*Try it*.
Taking the data below, please print only the lines from the line holding "二是主动偏股基金持仓的资产可" to the line holding "Croma gives you", inclusive, with pictures omitted.

*Recorded information*.
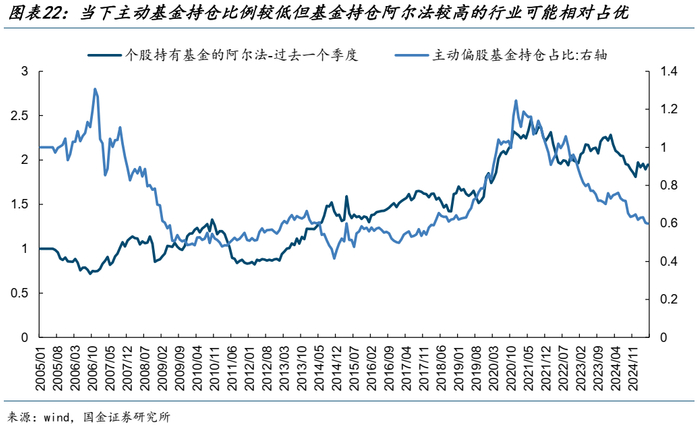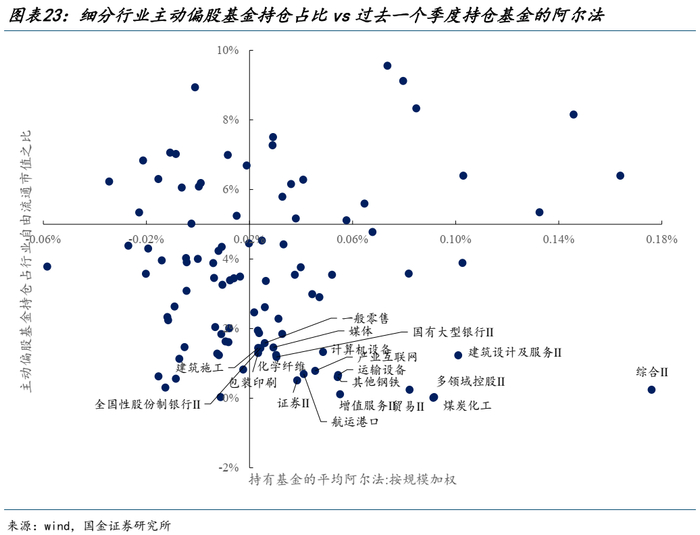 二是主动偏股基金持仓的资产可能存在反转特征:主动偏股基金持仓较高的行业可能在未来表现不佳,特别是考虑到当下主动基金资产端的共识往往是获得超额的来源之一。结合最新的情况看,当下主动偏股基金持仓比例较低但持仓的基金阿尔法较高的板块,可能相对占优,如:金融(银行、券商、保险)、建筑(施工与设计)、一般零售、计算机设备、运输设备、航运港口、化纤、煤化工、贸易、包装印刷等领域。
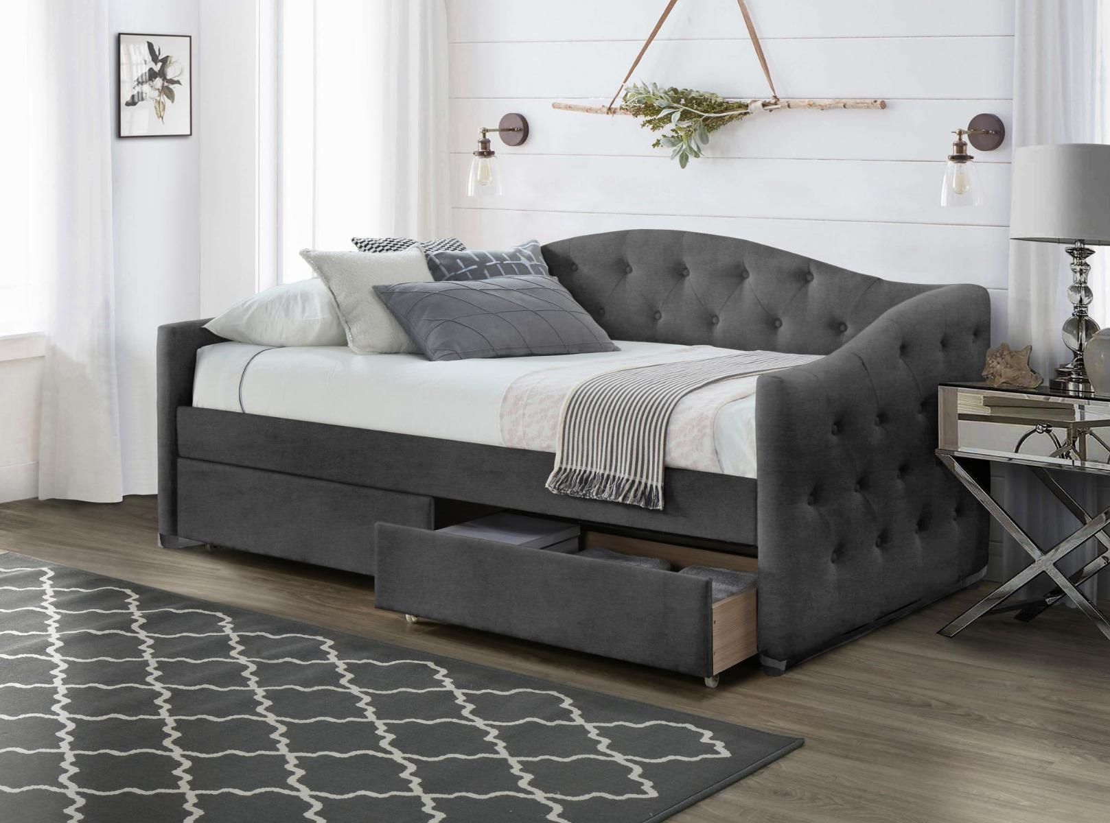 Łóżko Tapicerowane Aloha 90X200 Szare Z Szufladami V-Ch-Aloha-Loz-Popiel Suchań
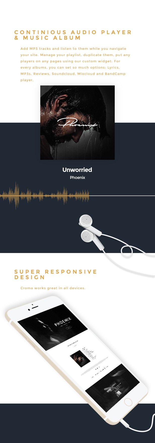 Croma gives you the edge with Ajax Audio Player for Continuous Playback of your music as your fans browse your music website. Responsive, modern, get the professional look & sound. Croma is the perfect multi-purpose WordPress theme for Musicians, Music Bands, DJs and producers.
==
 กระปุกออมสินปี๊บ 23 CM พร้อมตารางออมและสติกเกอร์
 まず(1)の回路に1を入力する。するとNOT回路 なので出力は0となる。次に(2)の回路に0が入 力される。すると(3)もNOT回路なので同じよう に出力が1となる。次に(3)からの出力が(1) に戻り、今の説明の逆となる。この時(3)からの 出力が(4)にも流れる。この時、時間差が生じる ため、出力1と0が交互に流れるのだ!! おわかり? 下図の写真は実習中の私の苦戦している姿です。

*Task output*.
 二是主动偏股基金持仓的资产可能存在反转特征:主动偏股基金持仓较高的行业可能在未来表现不佳,特别是考虑到当下主动基金资产端的共识往往是获得超额的来源之一。结合最新的情况看,当下主动偏股基金持仓比例较低但持仓的基金阿尔法较高的板块,可能相对占优,如:金融(银行、券商、保险)、建筑(施工与设计)、一般零售、计算机设备、运输设备、航运港口、化纤、煤化工、贸易、包装印刷等领域。
 Łóżko Tapicerowane Aloha 90X200 Szare Z Szufladami V-Ch-Aloha-Loz-Popiel Suchań
 Croma gives you the edge with Ajax Audio Player for Continuous Playback of your music as your fans browse your music website. Responsive, modern, get the professional look & sound. Croma is the perfect multi-purpose WordPress theme for Musicians, Music Bands, DJs and producers.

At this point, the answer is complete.